Is it working: In part, yes, but not primarily due to the plan. A steep drop in natural gas prices has greatly lowered heating bills of customers who depend on the fuel. The decline has also helped reduce electric bills for ratepayers because a good portion of the electricity in the state is generated by natural-gas-fired plants. The Christie administration also has stressed the importance of developing Marcellus Shale deposits in Pennsylvania and New York, which have led to lower prices for natural gas.
What about renewable energy: The plan also laid out a strategy for changes in the once-thriving solar industry sector in New Jersey, which fell on hard times because of overbuilding. That caused a big decline in solar development because it led to drop in how much developers could earn for electricity generated by their systems. Environmentalists also were unhappy that the plan retained a statutory goal of having 22.5 percent of the state’s electricity come from renewable energy --instead of the 30 percent target set by the former Corzine administration.
What is not happening: Another goal of the plan is to develop 1,100 megawatts of offshore wind capacity along the Jersey coast by 2020, a target that is unlikely to be met because no offshore wind farms have yet to been approved by the state. Perhaps, just as importantly, offshore developers -- more than a dozen were interested in building the projects -- have yet to see the state adopt a financing mechanism to make their projects economically viable.How the state is doing on its other goals: Not very well. The plan calls for the development of 1,500 megawatts (one megawatt provides power to more than 800 homes) from combined heat and power (CHP) plants. The technology uses a more efficient system of producing electricity while at the same time producing heat that can be used to lower heating and cooling costs. The state has set aside $200 million in federal funds to help finance these projects to promote resiliency of critical facilities, but has yet to award any money.
Is energy efficiency a part of the plan: Yes, but it scales back a bit from the goals of the previous plan to achieve a 20 percent cut in energy use by 2020. To some, the state’s efforts to achieve that target are undermined by repeated cuts in the Clean Energy Fund that helps support those programs. More than $1 billion has been diverted from the program to plug holes in the state budget.

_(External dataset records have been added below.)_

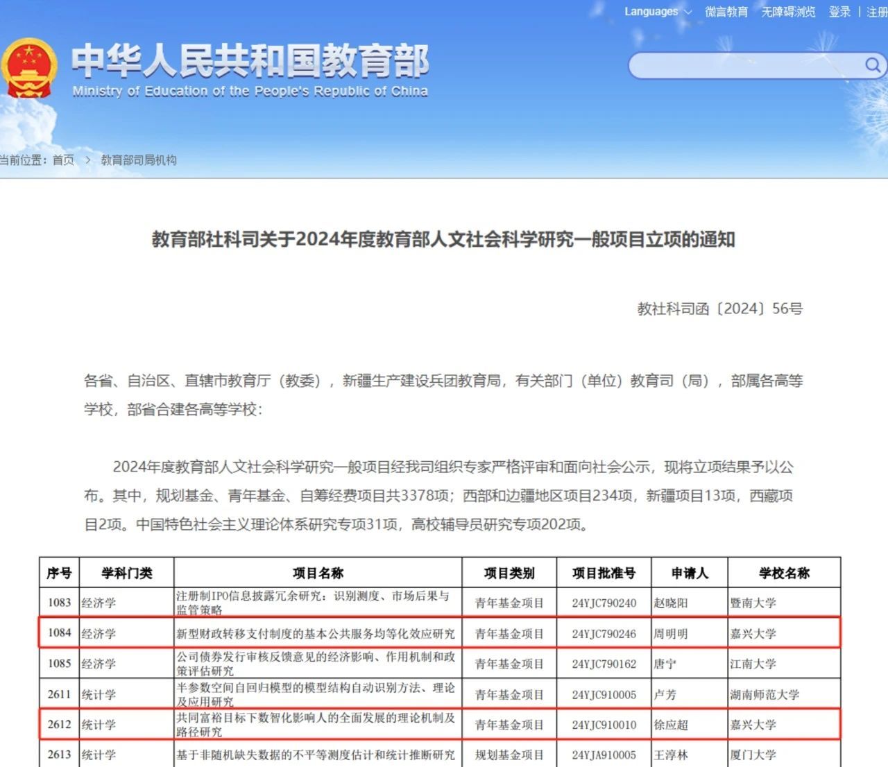 近日,教育部公布了2024年度教育部人文社会科学研究一般项目立项名单,黑料不打烊 周明明博士主持的课题《新型财政转移支付制度的基本公共服务均等化效应研究》、徐应超博士主持的课题《共同富裕目标下数智化影响人的全面发展的理论机制及路径研究》获批立项。
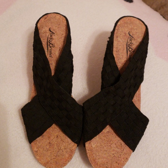 Cute Lucky brand corked wedged black sandles. Great condition, worn twice.
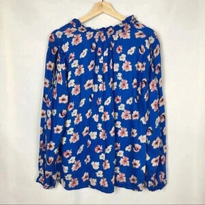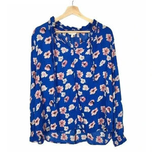 Lucky Brand Blue Floral Print Boho Peasant Long Sleeve Top L

What lies ahead: Uncertainty. The plan’s goals, as well as questions about retirement of the Oyster Creek power plant and other units, raises concerns about how strained the state’s power system will be in providing electricity to homes and businesses in the future. Also, there is a bill pending in the Legislature that would dramatically increase how much electricity should be produced from renewable energy sources, a goal many believe would increase energy costs for consumers.